The search for the law underlying all phenomena is a preeminent characteristic of modern thought. The spirit of inquiry has found no resting place in matter or material energy; so it pushes its quest into the realm of the divine. What are the laws of Life? How may spiritual law be utilized by the human being? The nature of prayer as a means of approaching Spirit has remained to many an unsolved mystery. Reason has found it impossible to reconcile the belief that prayer can change a man's destiny with the other belief that man lives under general laws that are unalterable. The instinct of prayer has, therefore, commonly expended itself in emotion, instead of intelligently utilizing spiritual law. Yet the law which underlies true prayer and determines its office in the spiritual economy of being, has its exposition in the teaching of the Bible for those who will understand.
Every man prays, whether he is willing to admit it or not. Every one, that is to say, is impelled by desire in the direction of that which he conceives to be ultimate power. Each human heart deifies within "the chambers of his imagery" what seems to it the essence of satisfaction; and as surely "as in water face answereth to face," so the individual reflects what he worships.
The materialist declares that there is nothing but matter and its inherent forces.
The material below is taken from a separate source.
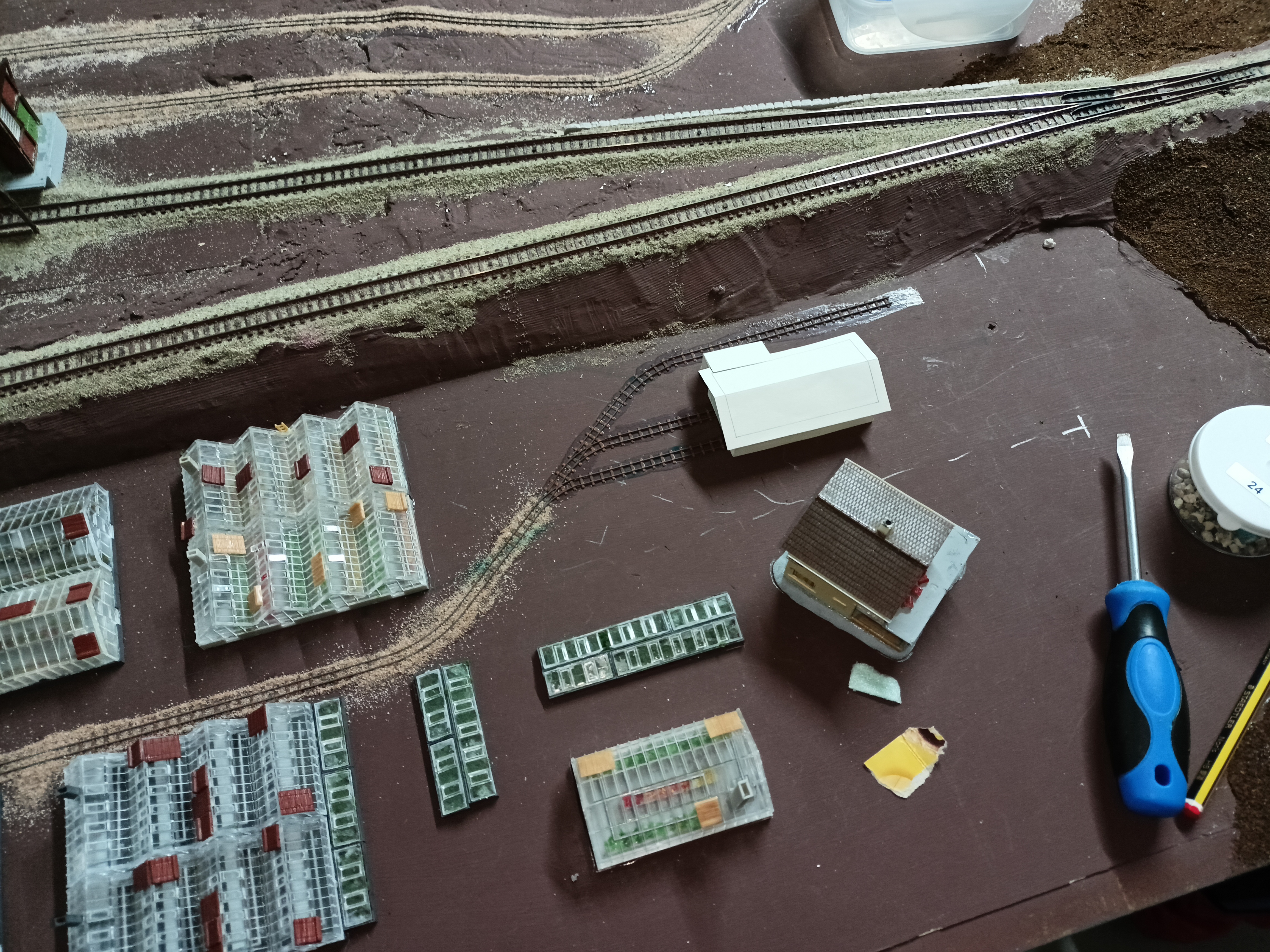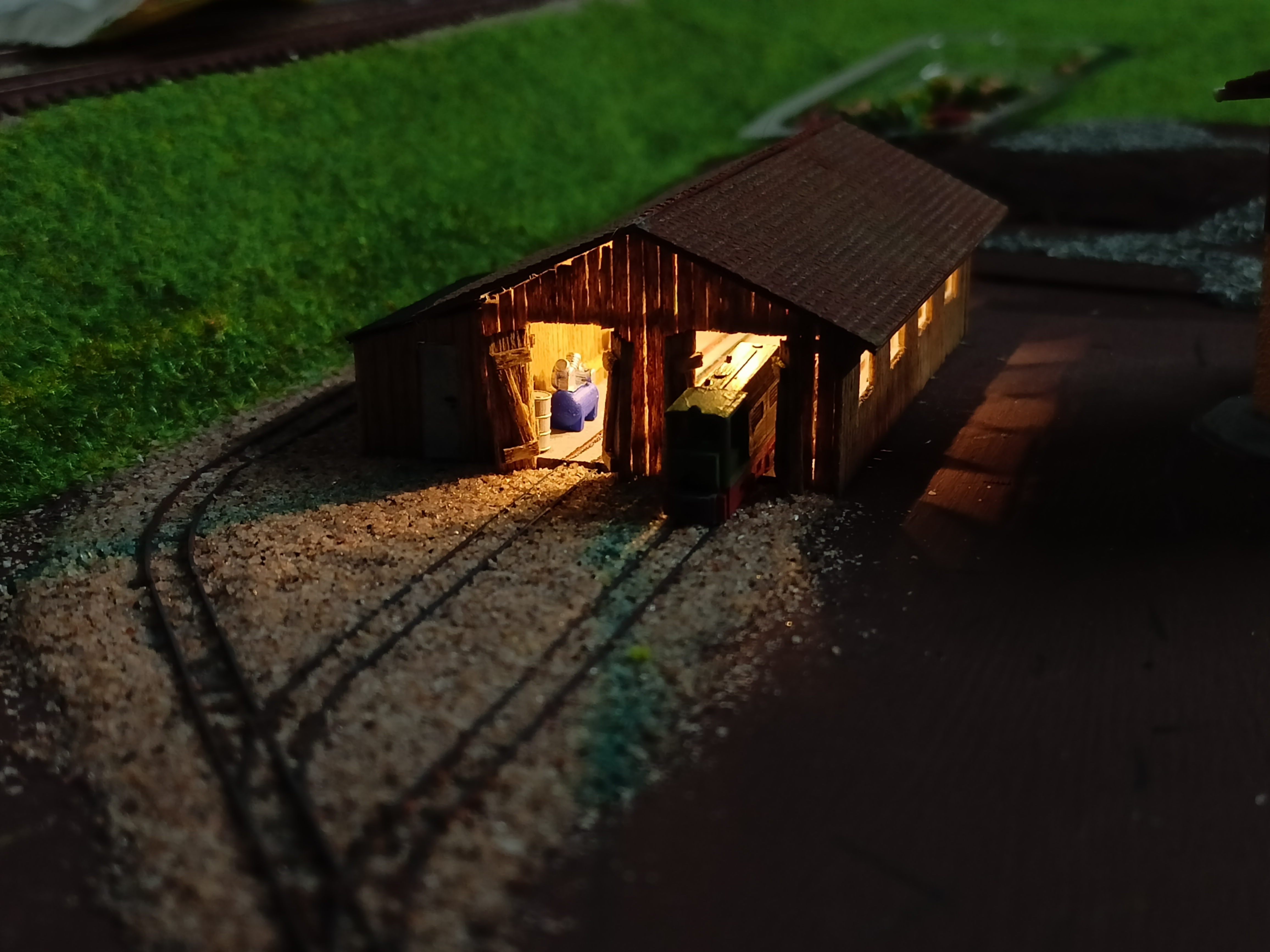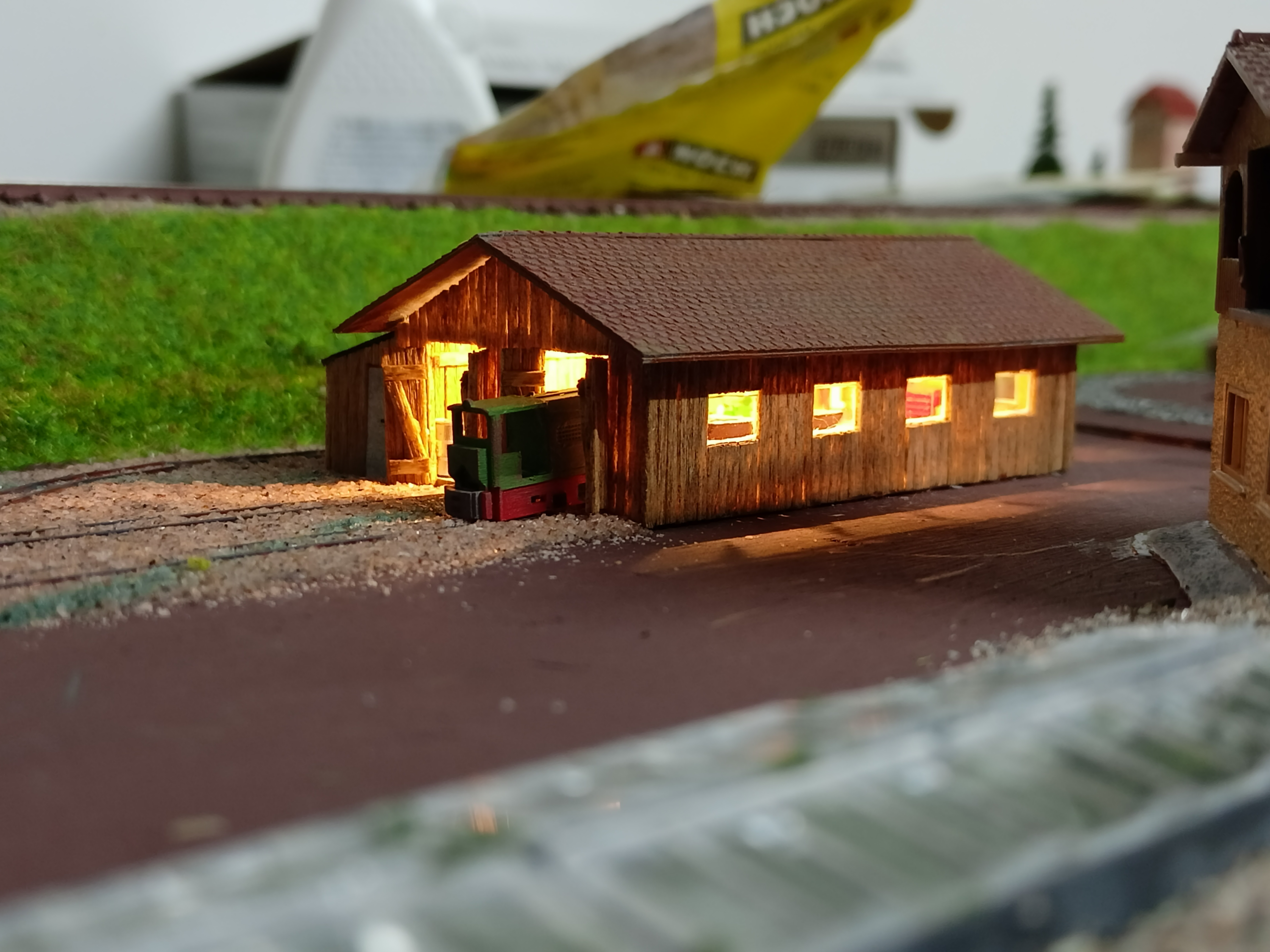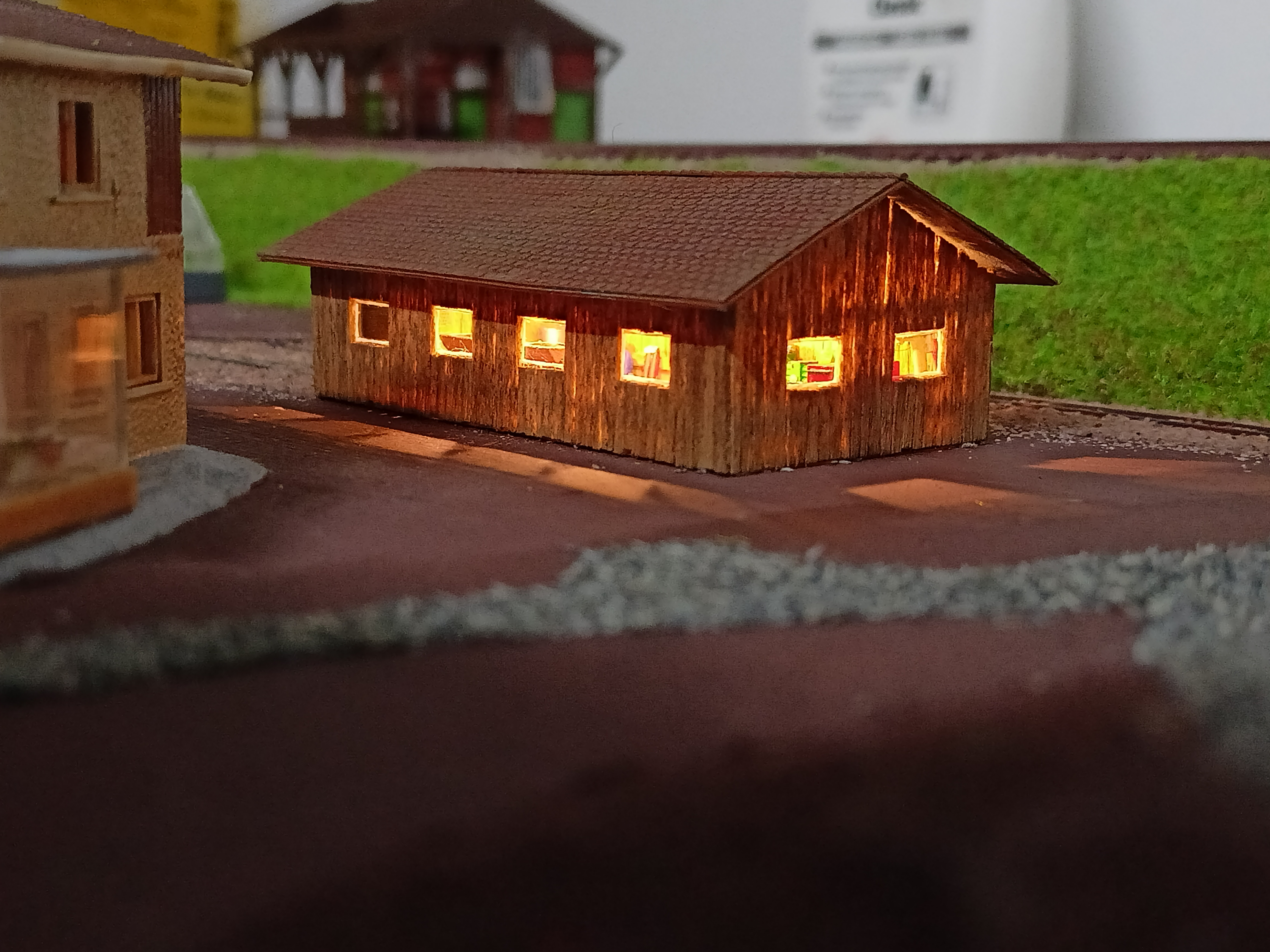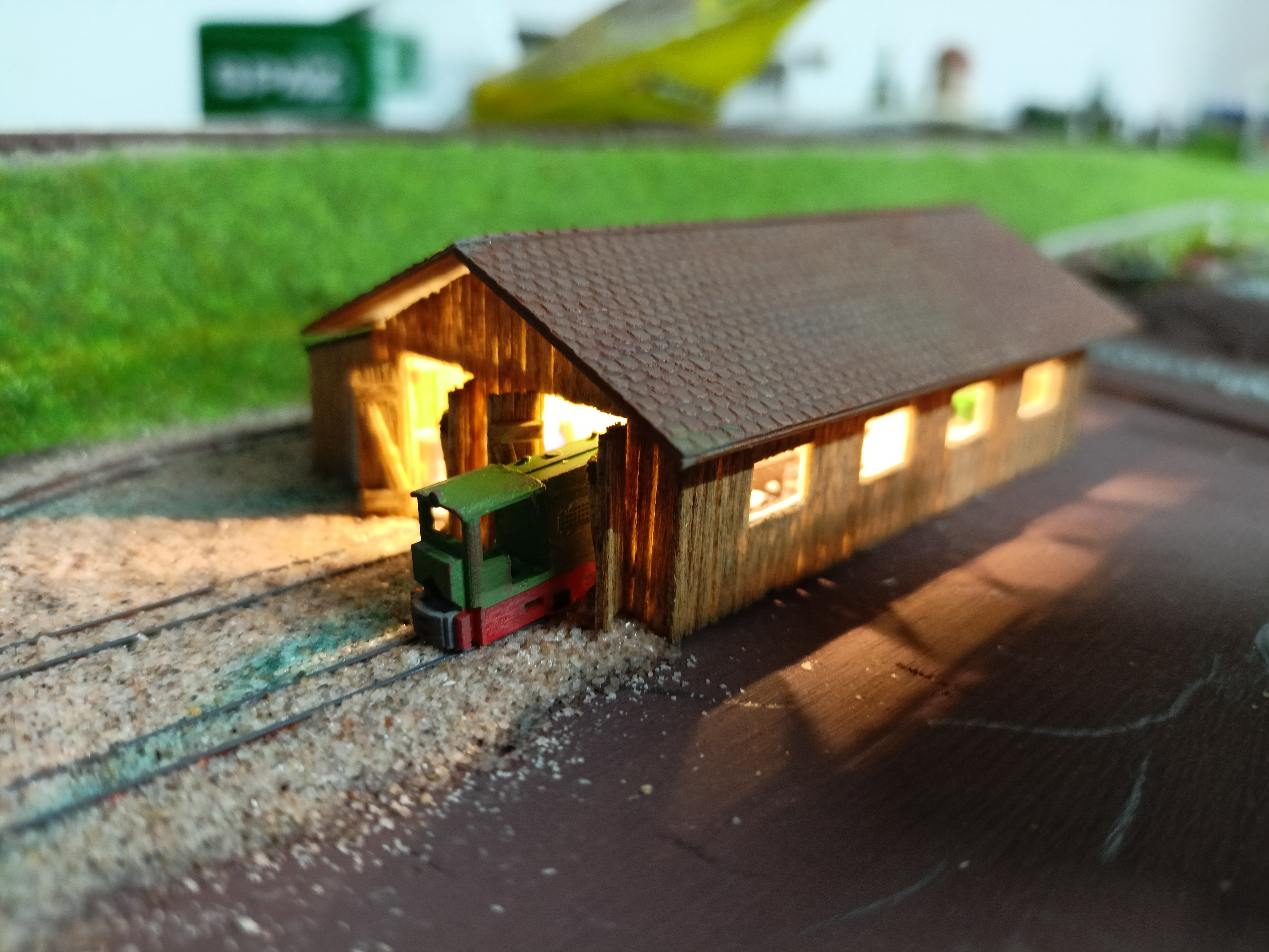 Wer hier aber kein Geld ausgeben möchte, kann auch den Hauptschuppen mit Dachpappe (also mit angemaltem Schleifpapier) decken. Alternativ kann ich mir noch Wellblech ganz gut vorstellen!

His unbelief in Spirit leads him with logical sensuous abandon to say, "Let us eat and drink; for to morrow we die." The idealist assumes that all is mind and that matter is therefore unreal, and he fashions his moral code to this basis. The religionist conceives of God as an omnipotent Being, who knows or permits a secondary evil power unlike Himself. He believes that both Spirit and matter are real, and he forthwith entangles himself in the absurdity of making an infinitely good God responsible for the unspeakable evils of the material world; or else he is compelled to admit that evil is a power in and of itself and coequal with God. His prayers are for the greater part unavailing because his faith is so encumbered with the belief that God's laws may be set aside in response to man's desire or according to the caprice of an interposing Providence.